Soho residents have made it pretty clear they consider many of the stores to be bad neighbors with bright lights, noisy nighttime deliveries and special events that draw huge crowds.

Ironically, this retail metropolis emerged despite zoning that prohibits it. Since 2000, the City has granted over 90 special permits in SoHo and NoHo, the majority of which were to allow or legalize retail and residential uses. Within the same timeframe, the number of special permits granted in adjacent Manhattan neighborhoods were just 21.

Over the years, there have been several “crackdowns” by the city on oversized stores, but the crux of the matter is that a patchwork of special permits has now been stitched together to cover a zoning that doesn’t work for a modern neighborhood.

Yet when they hear the word “rezoning” it’s the locals who are first to call foul, claiming it’s all a guise to displace them from their homes, bulldoze the Cast Iron lofts to make way for glass and steel skyscrapers and run artists out of Soho.

I think of rezoning as quite the opposite when it comes to this historic neighborhood.


With Gale Brewer and Margaret Chin, two of the city’s most ardent politicians, leading a six-month community engagement process, Soho has an opportunity to write its own future and, with insight from experts in urban planning, it could bring change that creates peace between residents and retailers.

Rather than bury their heads in the sand, this community-led zoning effort has an opportunity to identify areas where new residential development does make sense and pinpoint corridors that need to be protected and improved. They must advocate for open space and rally for better services. Yes, they must protect their homes, but also consider making room for more.

Margaret Chin

Imagine a walkable neighborhood where every retailer has to operate under the same rules? Where city services can be co-ordinated to accommodate the needs of the many rather than the few? A neighborhood that works for its businesses and its people?
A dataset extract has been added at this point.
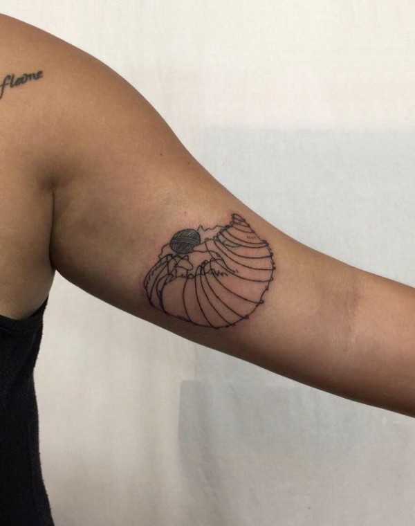 贝壳图案纹身 女生手臂上黑色纹身图片

As I see it, Soho today is a diverse mixed-use community with a walkable urban character that can only improve with a roadmap that everyone can follow.
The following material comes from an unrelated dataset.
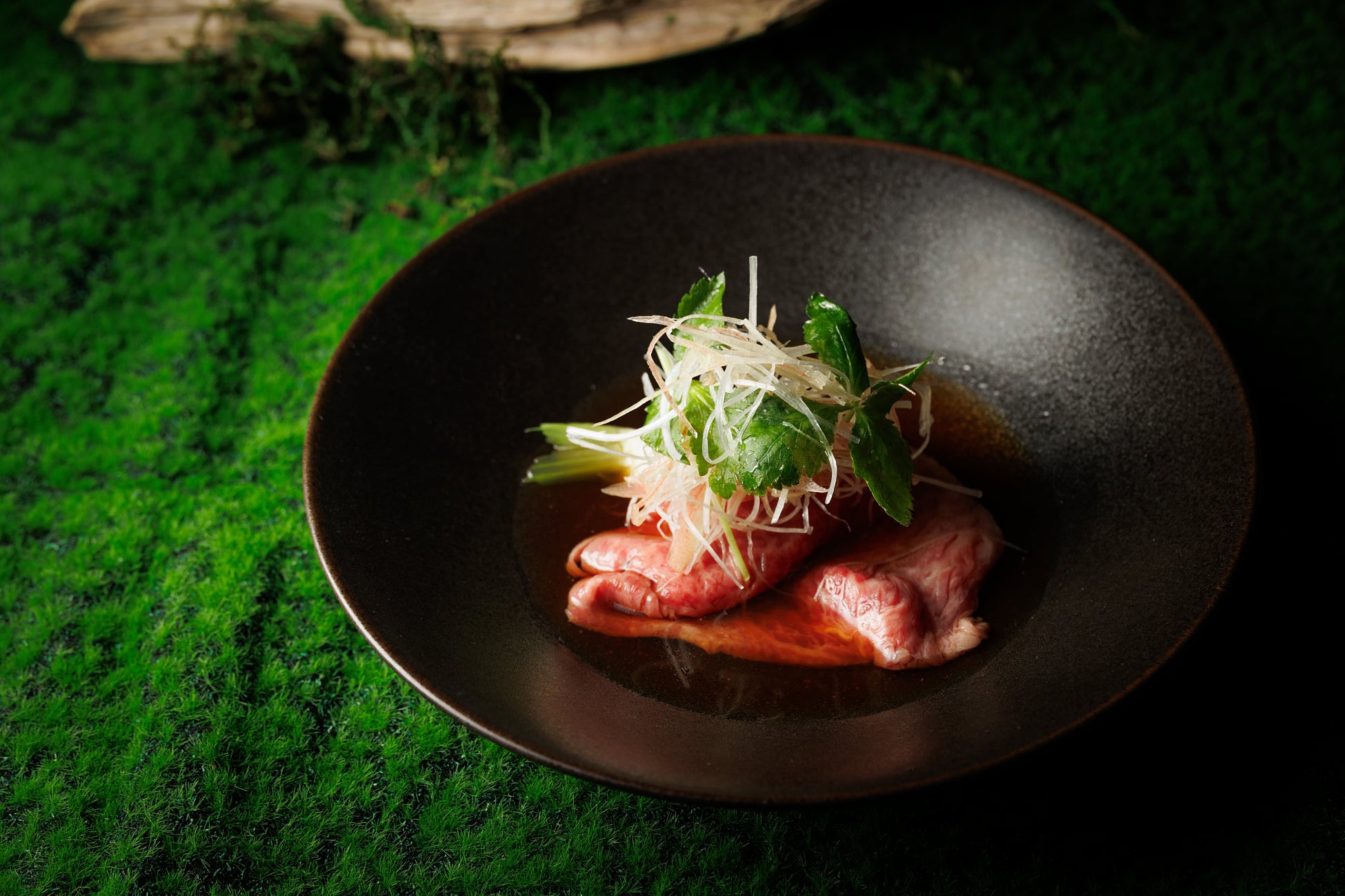 かつお出汁とコンソメを使い和と洋を融合させたスープに、絶妙な火加減で仕上げた和牛ロース肉を添えたまさにジャンルレスなフレンチを提供するLA VIE 1923ならではのメニューです。

Small-scale improvements in transportation infrastructure would go a long way to improving quality of life for everyone. That includes creating bike lanes and racks, better pedestrian markers, upgraded lighting and roadways, sidewalks and public benches and accessibility for people using wheelchairs and pushing strollers.

Rather than closing the door to businesses who want to be there, and people who want to live there, I believe it is vital that Soho embrace this opportunity to put itself at the forefront of addressing the changing problems of life in a big city and create a neighborhood where no-one will notice the amazing urban planning that makes spaces come alive, that makes moving around easy, keeps trash pickups on schedule and fosters a community of local residents.

As it stands, the unpredictable nature of Soho’s current zoning leaves it open to neglect and blight and a pretender to the Bohemian crown it aspires to.